Vous soulevez là des problèmes essentiels.
Notre rôle n'est pas de diriger le crédit vers certains secteurs de l'économie, comme le ministère de l'économie et des finances a pu le faire à une époque. Nous devons juste veiller au respect des règles de gestion saine et prudente, en vertu desquelles les banques doivent faire correspondre fonds propres et risques, et mettre en place des dispositifs de détection des opérations suspectes. Nous devons être sûrs, lorsque des risques sont pris, que des mécanismes existent pour les limiter ou que des mesures correctrices sont prises dès lors que la cote d'alerte est dépassée.
Par ailleurs, il n'y a pas, pour l'instant, d'autorisation à nous demander pour créer une filiale ou une succursale à l'étranger. En fait, l'autorisation est donnée par le pays d'implantation. En revanche, nous devons nous assurer, a posteriori, qu'il est possible de mesurer les risques qui sont pris par cette filiale ou cette succursale et que l'établissement concerné dispose de fonds propres ou de mécanismes de sécurité interne suffisants. Par exemple, nous essayons de vérifier que la direction centrale a accès à certaines informations localement. À cet égard, nous demandons aux établissements de nous signaler toute difficulté qu'ils pourraient rencontrer à l'étranger. Ce faisant, nous nous efforçons de les responsabiliser sur le fait qu'ils doivent effectuer eux-mêmes les démarches pour acquérir les informations et analyser les risques pris dans chaque activité à l'étranger. Les banques doivent prendre conscience qu'il ne faut pas qu'elles se lancent dans l'action les yeux bandés.
Ensuite, vous m'avez interrogé sur l'impact d'une éventuelle interdiction législative de ces installations. Évidemment, il y aurait des conséquences puisque tous les concurrents continueraient à s'installer. Si les banques recourent à ce type de pratiques, c'est qu'elles y trouvent un bénéfice économique, bénéfice qu'il est difficile de mesurer exactement a priori. Mais il est clair que, pour des banques françaises qui sont très internationalisées, l'impact serait sérieux, la concurrence avec les autres établissements étant déséquilibrée. Encore une fois, je parle ici avec beaucoup de prudence, car il est difficile pour un contrôleur de s'aventurer lorsqu'il ne dispose pas d'éléments précis.
En revanche, si, comme la France l'a toujours soutenu politiquement, une action concertée au niveau international se mettait en place, l'activité économique ne serait pas pénalisée.

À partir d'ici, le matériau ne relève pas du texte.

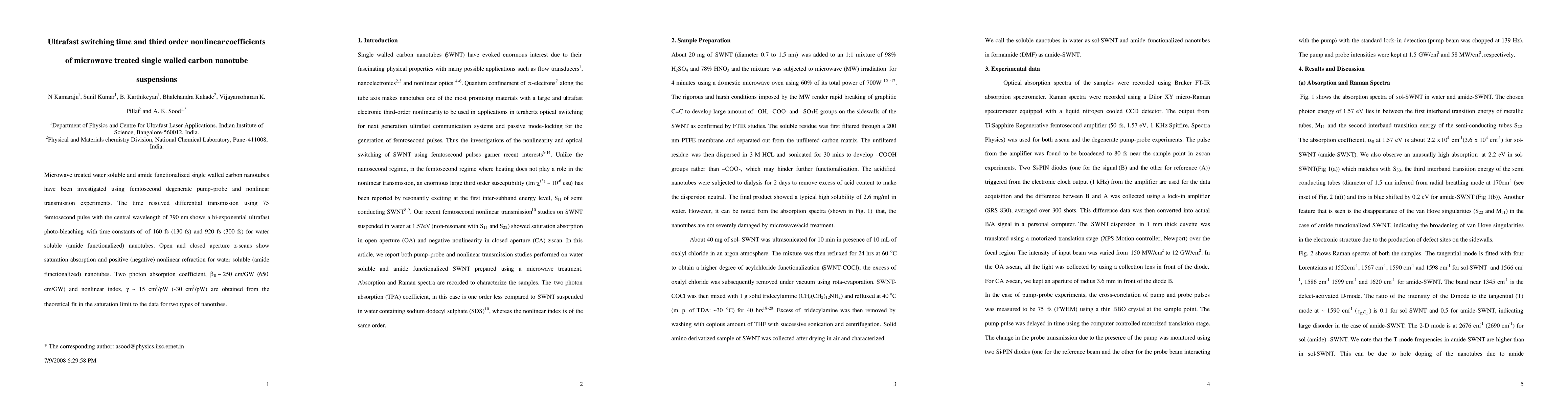Microwave treated water soluble and amide functionalized single walled carbon nanotubes have been investigated using femtosecond degenerate pump-probe and nonlinear transmission experiments. The time resolved differential transmission using 75 femtosecond pulse with the central wavelength of 790 nm shows a bi-exponential ultrafast photo-bleaching with time constants of of 160 fs (130 fs) and 920 fs (300 fs) for water soluble (amide functionalized) nanotubes. Open and closed aperture z-scans show saturation absorption and positive (negative) nonlinear refraction for water soluble (amide functionalized) nanotubes. Two photon absorption coefficient,beata ~250 cm/GW (650 cm/GW) and nonlinear index, gamma ~ 15 cm^2/pW (-30 cm^2/pW) are obtained from the theoretical fit in the saturation limit to the data for two types of nanotubes.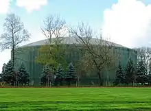 Bicentennial Park is a 4.4-acre (1.8 ha) neighborhood park in the middle of Hillsboro.[15] Features include a single soccer field, restrooms, a picnic shelter and picnic tables, paved walking paths, park benches, and a children's playground.[5][11] The playground includes a climbing boulder similar to one at Orchard Park, on the other side of the city.[5] The signature large, green water reservoir is 150 feet (46 m) in diameter and has a capacity of 6,000,000 US gallons (23,000,000 L; 5,000,000 imp gal).[3][5] The park does not have off-street parking, but does include large oak trees along the southern end of property.[5]

En effet, si la localisation peut donner des avantages en termes de coûts, donc de prix servis à la clientèle, et, partant, de compétitivité, elle n'est pas en elle-même nécessaire pour la création de l'activité économique.
S'agissant des règles imposées par Bâle III, je pense que la difficulté ne tient pas tant au niveau des fonds propres qu'à la liquidité. Il faut savoir que les collectivités locales ont une pondération favorable en ce qui concerne les règles de fonds propres. Le problème est - vous l'avez vu pour ainsi dire en direct cet été - que la méfiance internationale a asséché la liquidité des banques françaises, lesquelles ont eu plus de mal à s'engager sur des prêts à long terme puisque leur refinancement était mis en cause. À mon sens, pendant les derniers mois, plus que de la pondération des fonds propres, les banques ont surtout souffert d'un resserrement des ratios de liquidité, lequel a entraîné cette réticence à s'engager à long terme auprès des collectivités locales.
Notre rôle est de faire appliquer les réglementations, en l'occurrence en ce qui concerne la liquidité, mais je ne dévoilerai pas un secret en disant que ces nouveaux ratios de liquidité étaient peut-être un peu excessifs à certains égards. Nous aurions souhaité que l'on permette aux banques de prendre davantage de risques de transformation, lorsqu'ils étaient de bonne qualité, ce qui est le cas pour les collectivités territoriales. Néanmoins, une fois que les règles sont prises, nous devons faire abstraction de tout jugement sur leur opportunité et veiller à ce qu'elles s'appliquent.